YOUR INSTRUCTIONS —
Leave out the pictures, and print exactly the lines from the one holding "കോവിഡ് 19ദേശീയം കോവിഡ്" through the last line of the material.

DATA SEGMENT —
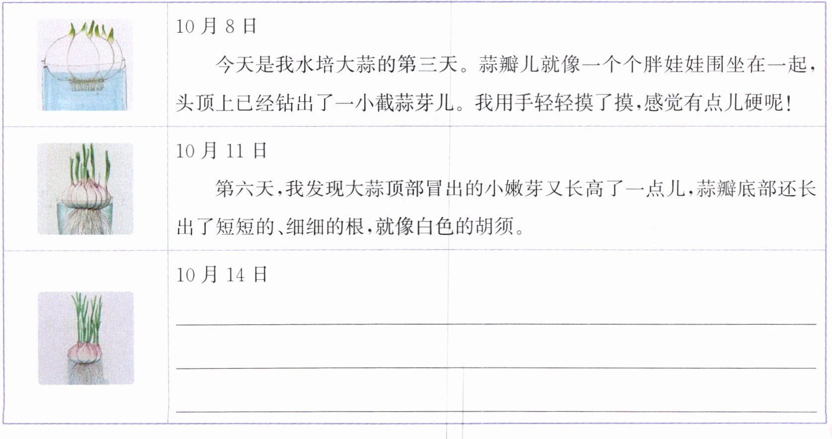 四、[我练表达]阅读下面的观察日记,观察大蒜第九天的变化,把你观察到的和想到的记录下来。
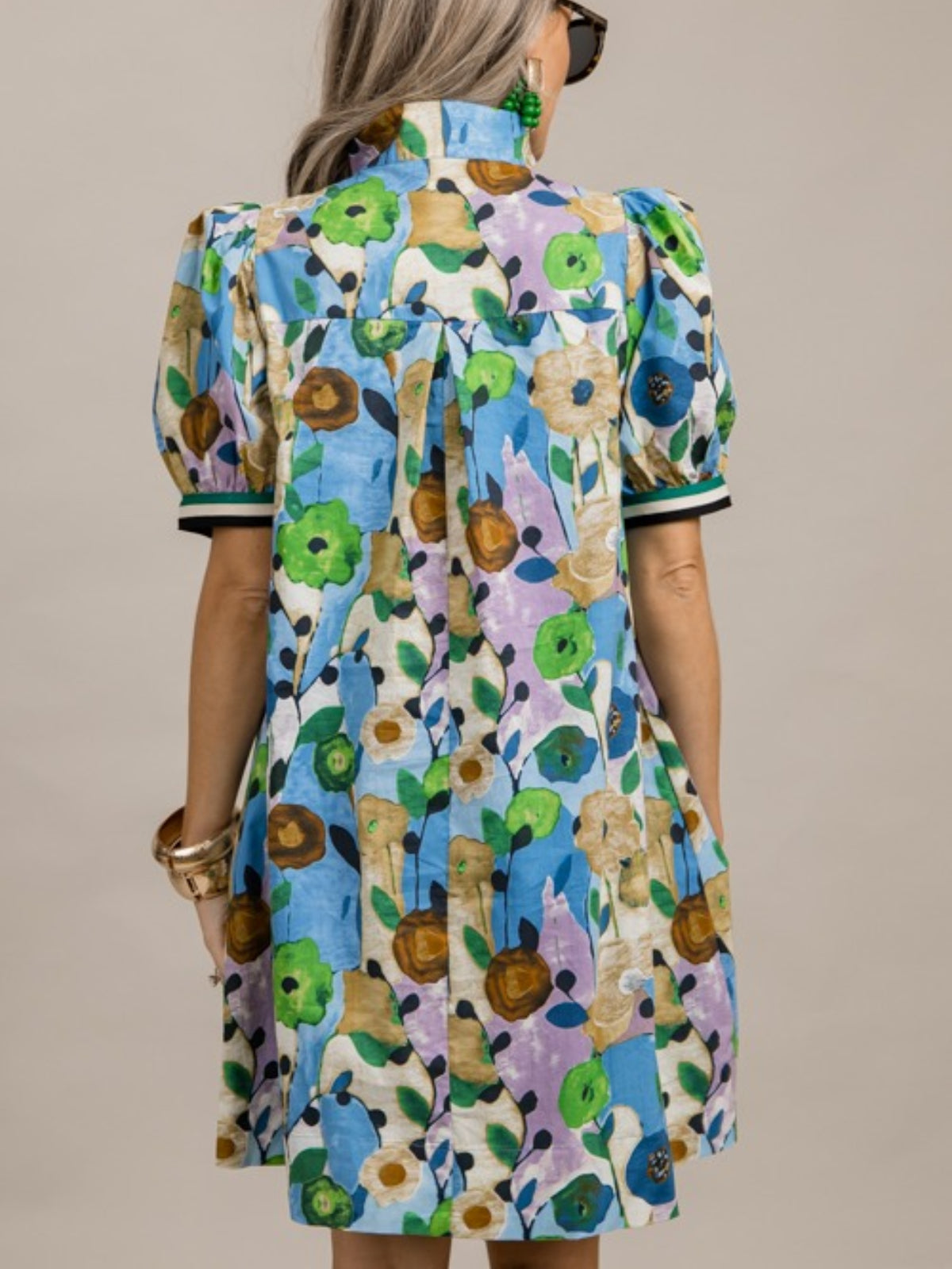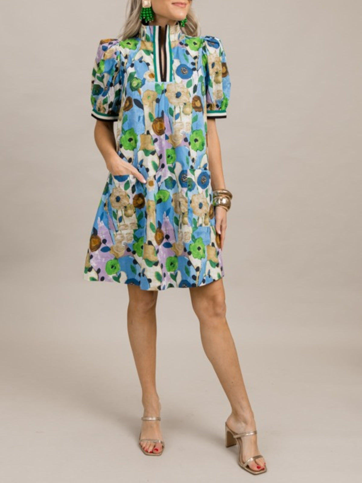 We're carrying our flirty floral style right into fall with this cute new dress. A pink, ivory, and brown stripe band trims the neckline and sleeves, creating a chic and modern look. The fit flows effortlessly on the body thanks to strategically placed pleats on the center of the front and back. Dress features a standing collar, puff sleeves, and patch pockets. Pair it with anything from sneakers to boots!
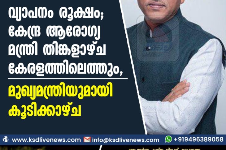 കോവിഡ് 19ദേശീയം കോവിഡ് വ്യാപനം രൂക്ഷം; കേന്ദ്ര ആരോഗ്യ മന്ത്രി തിങ്കളാഴ്ച കേരളത്തിലെത്തും, മുഖ്യമന്ത്രിയുമായി കൂടിക്കാഴ്ചAugust 14, 2021
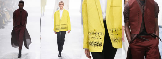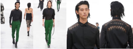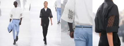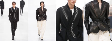激光鏤空工藝貫穿了整場秀,西裝外套、襯衫、皮帶、裙子、馬甲等地方都能看到激光鏤空印花的設(shè)計,不僅呈現(xiàn)出慵懶知性的主題,而且也讓我們看到服裝面料激光鏤空機能夠創(chuàng)造出更多的可能性。

OUTPUT OF THE EXERCISE —
 കോവിഡ് 19ദേശീയം കോവിഡ് വ്യാപനം രൂക്ഷം; കേന്ദ്ര ആരോഗ്യ മന്ത്രി തിങ്കളാഴ്ച കേരളത്തിലെത്തും, മുഖ്യമന്ത്രിയുമായി കൂടിക്കാഴ്ചAugust 14, 2021
激光鏤空工藝貫穿了整場秀,西裝外套、襯衫、皮帶、裙子、馬甲等地方都能看到激光鏤空印花的設(shè)計,不僅呈現(xiàn)出慵懶知性的主題,而且也讓我們看到服裝面料激光鏤空機能夠創(chuàng)造出更多的可能性。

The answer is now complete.